Five Months Later…

“Come on, girl. Put on your big girl panties and fuck these dudes up seven ways to Sunday.”

The words felt foreign to my ears, but I had been telling myself those same words for the past hour, trying to channel one of my best friends, Gina, and hype myself up.

However, despite my best efforts, I was still sitting in my parked little silver Mercedes that I kept running to soak in the air conditioning, while sipping tequila out of my discreet flask, wondering how life had managed to get so fucked up.

I took another large sip before I turned off my air conditioning, pressed the button to lower my window, and poured the rest out onto the pavement in honor of my fallen brother. “Miss you, Rev.”

Some siblings weren’t that close, but my brother and I were thick as thieves growing up, and that didn’t change after we became adults.

Which was why neither me nor my parents were surprised when Rev’s lawyer had divulged in his will that he left a lot of his possessions to me, including his stake in the home he shared with his frat brothers and best friends, Cruz, Storm, and Titan.

“What kind of grown ass men in their thirties stay in the same place any damn way?” I asked to myself as I stared out at nothing in particular.

Rev used to go on and on about how much he loved The Omega House that he shared with his friends.

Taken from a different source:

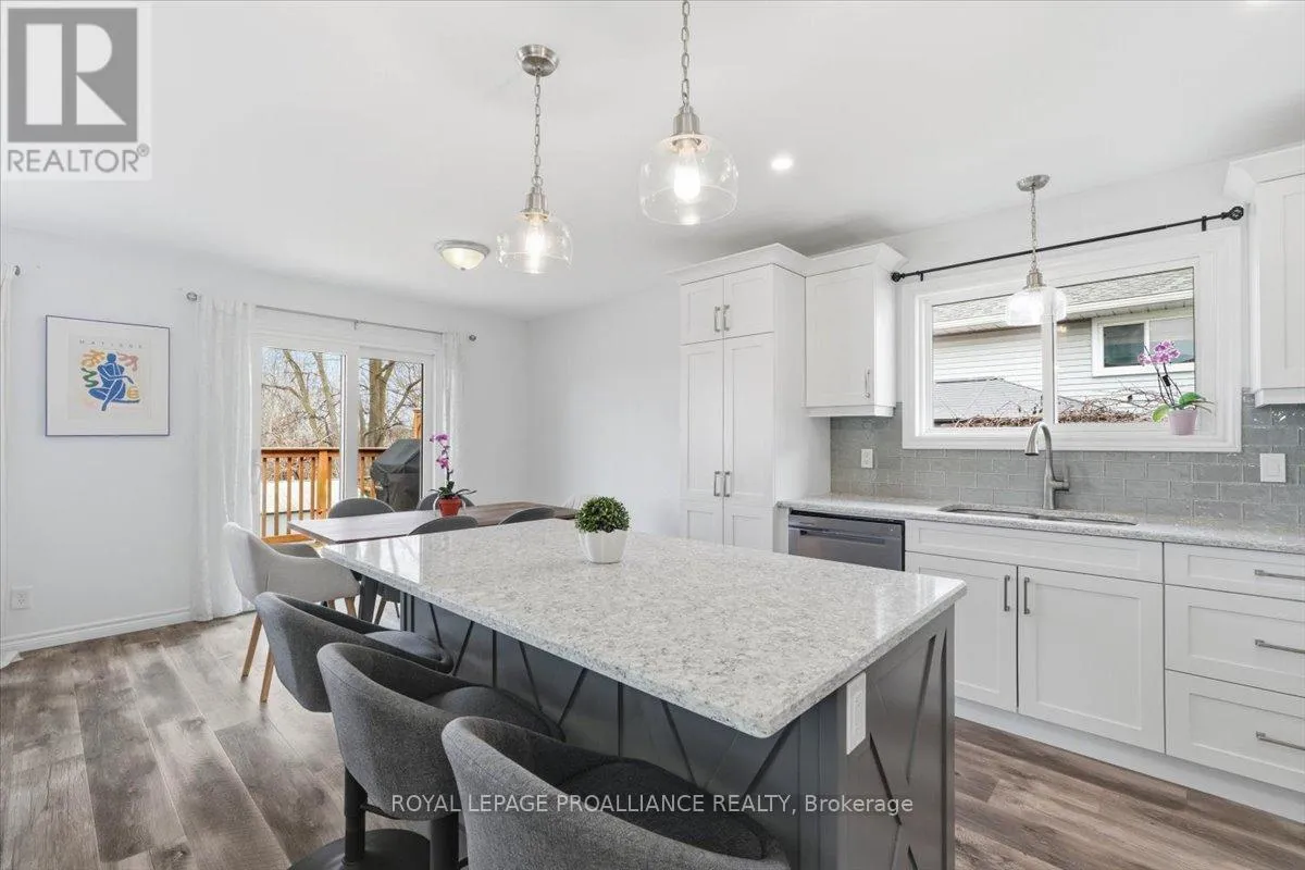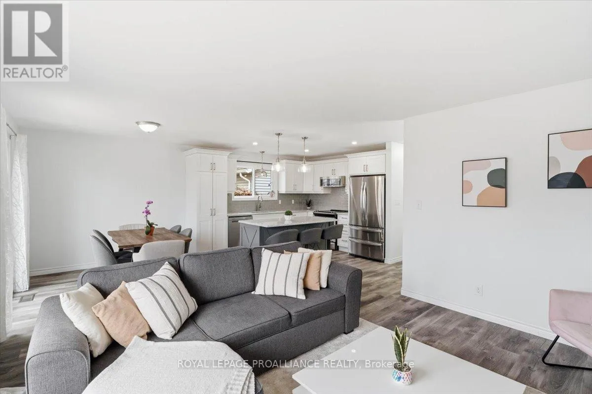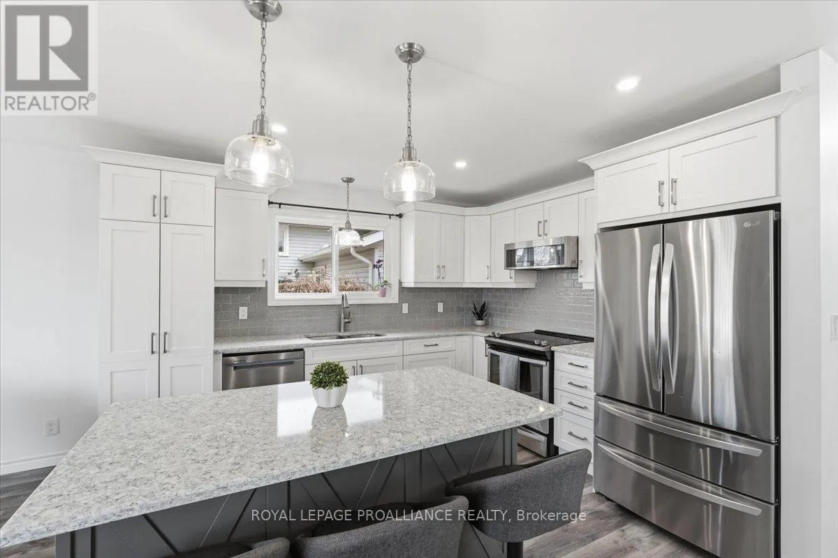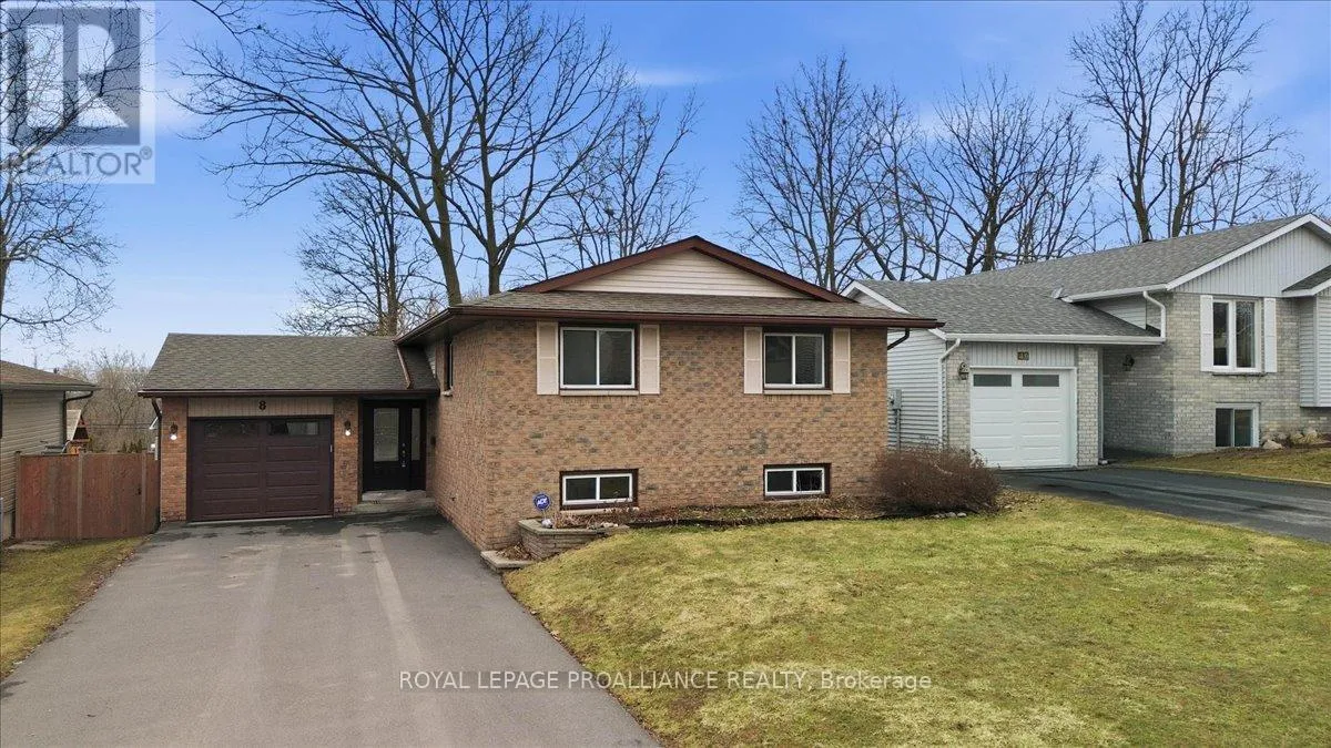 North Murray Street to Reid Street Welcome to 8 Loraine Ave in Quinte West, a spacious and well-maintained raised bungalow tucked away on a quiet, family-friendly street. This 4 bedroom, 2 bath home offers a functional layout with room for everyone. Step into the large, welcoming foyer with convenient access to the attached single car garage. The updated kitchen features an open-concept design, perfect for everyday living and entertaining. The dining room flows seamlessly onto a generous upper deck and steps down to a lower covered deck, offering additional outdoor living space rain or shine. The main level includes three comfortable bedrooms and a full 4-piece bathroom. Downstairs, the fully finished basement boasts a spacious rec room with a cozy gas fireplace, a fourth bedroom and a versatile den or home office. You'll also find a 3-piece bathroom, ideal for guests, teens, or working from home. A great opportunity to own a move-in ready home in a desirable location, close to amenities, schools and all that Quinte West has to offer. (id:27476)
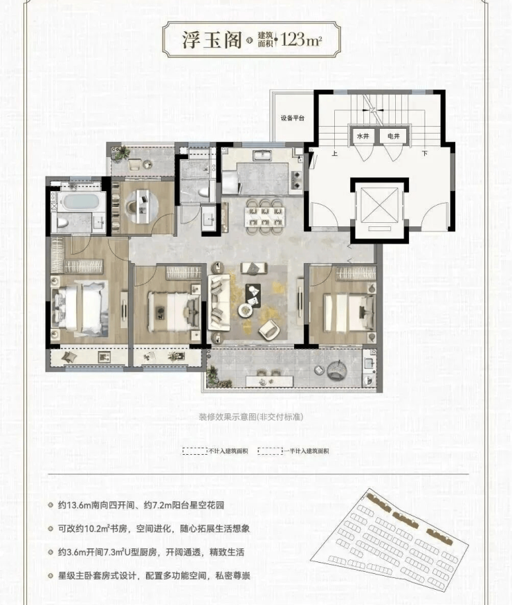 科技洋房:面积123㎡,共3栋10层洋房,四开间朝南设计,配备南北双阳台

And now, I was parked a block away from the house, trying to get up the courage to march up to that door and tell them how the next few days were going to go.

It was early evening, and although I wasn’t even sure if they were all home, at least one of them probably was.

I was still giving myself a mental pep-talk when there was a knock on my passenger door, causing me to yelp and hiccup at the same time.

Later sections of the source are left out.